**The task:**
Please repeat the records beneath this task exactly as they appear, but skip the images.
>>>>
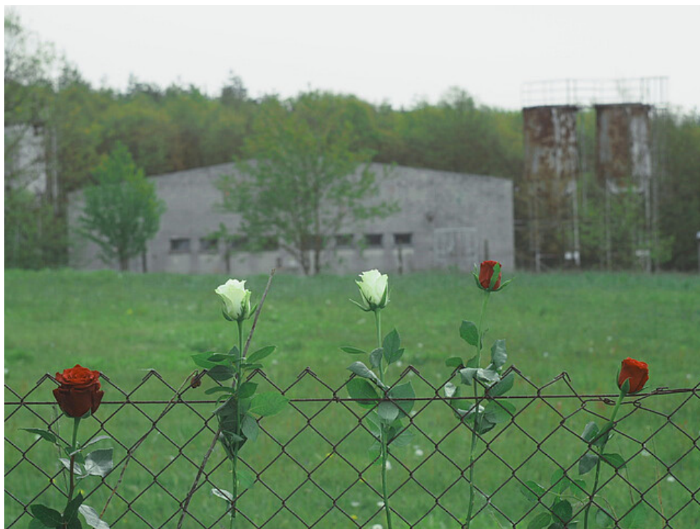
Flowers attached to the fence that surrounds the contested pig farm in Lety
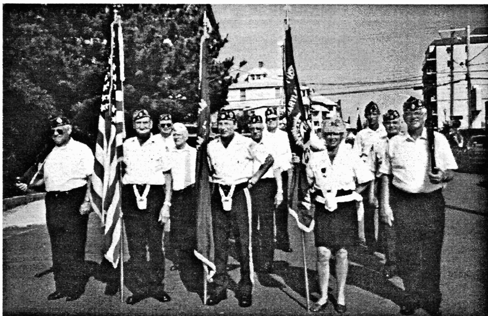
1998 Trophy Winners
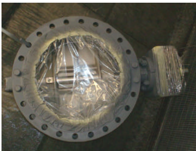
HYDROTHERM® 400 Primer (Fig.1)
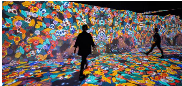
Recognisable symbols often seen in Frida's work include monkeys, skulls, flowers, sharp objects, animals and fruit

The artistic motifs that frequently appear in Kahlo's art are explored in the interactive installation, Endless Symbolology . It invites visitors to interact with symbols from Kahlo's paintings including flowers, fruit, a hummingbird, and a monkey, which visually represent themes in her life such as her Mexican culture, her marriage, fertility, pain, and death.
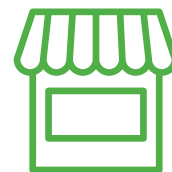
Other small & medium size locations
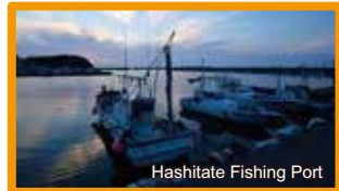
Hashitate Fishing Port
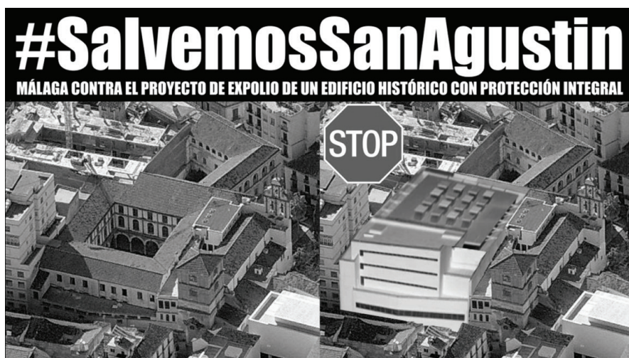
Image used on Change.org with the hashtag #SalvemosSanAgustin (Let's save San Agustin) (Edifeicios, 2018)

Both on the issue of the Hoyo de Esparteros and the Convent of San Agustín , the use of social networks led to the creation of various tags or hashtags. First of all, #SalvemosLaMundial, which was later replaced by #RIPLaMundial and #RecuerdaLaMundial; even today these are used in relation to situations of danger for the Malaga heritage; and secondly #SalvemosSanAgustin.
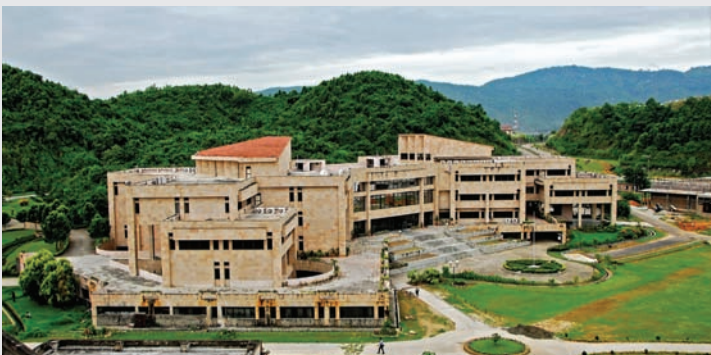
The Administrative Building
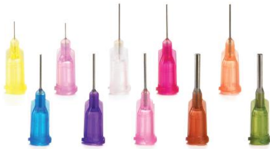
TE Series - Dispensing Tips
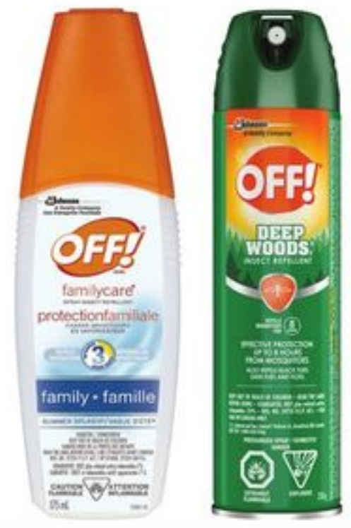
OFF! OR RAID INSECT REPELLENT SELECTED VARIETIES 20001279002_EA/20158572_EA
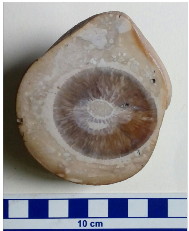
Figure 2. 'Choanite', a polished silicified sponge in flint, (author's collection)
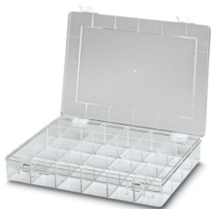
Assortment box, dimensions: 335 x 225 x 55 mm, 24 compartments, compartment size 1: 53 x 53 mm

Please be informed that the data shown in this PDF document is generated from our online catalog. Please find the complete data in the user documentation. Our general terms of use for downloads are valid.
<<<<
**Reply:**
Flowers attached to the fence that surrounds the contested pig farm in Lety
1998 Trophy Winners
HYDROTHERM® 400 Primer (Fig.1)
Recognisable symbols often seen in Frida's work include monkeys, skulls, flowers, sharp objects, animals and fruit

The artistic motifs that frequently appear in Kahlo's art are explored in the interactive installation, Endless Symbolology . It invites visitors to interact with symbols from Kahlo's paintings including flowers, fruit, a hummingbird, and a monkey, which visually represent themes in her life such as her Mexican culture, her marriage, fertility, pain, and death.
Other small & medium size locations
Hashitate Fishing Port
Image used on Change.org with the hashtag #SalvemosSanAgustin (Let's save San Agustin) (Edifeicios, 2018)

Both on the issue of the Hoyo de Esparteros and the Convent of San Agustín , the use of social networks led to the creation of various tags or hashtags. First of all, #SalvemosLaMundial, which was later replaced by #RIPLaMundial and #RecuerdaLaMundial; even today these are used in relation to situations of danger for the Malaga heritage; and secondly #SalvemosSanAgustin.
The Administrative Building
TE Series - Dispensing Tips
OFF! OR RAID INSECT REPELLENT SELECTED VARIETIES 20001279002_EA/20158572_EA
Figure 2. 'Choanite', a polished silicified sponge in flint, (author's collection)
Assortment box, dimensions: 335 x 225 x 55 mm, 24 compartments, compartment size 1: 53 x 53 mm

Please be informed that the data shown in this PDF document is generated from our online catalog. Please find the complete data in the user documentation. Our general terms of use for downloads are valid.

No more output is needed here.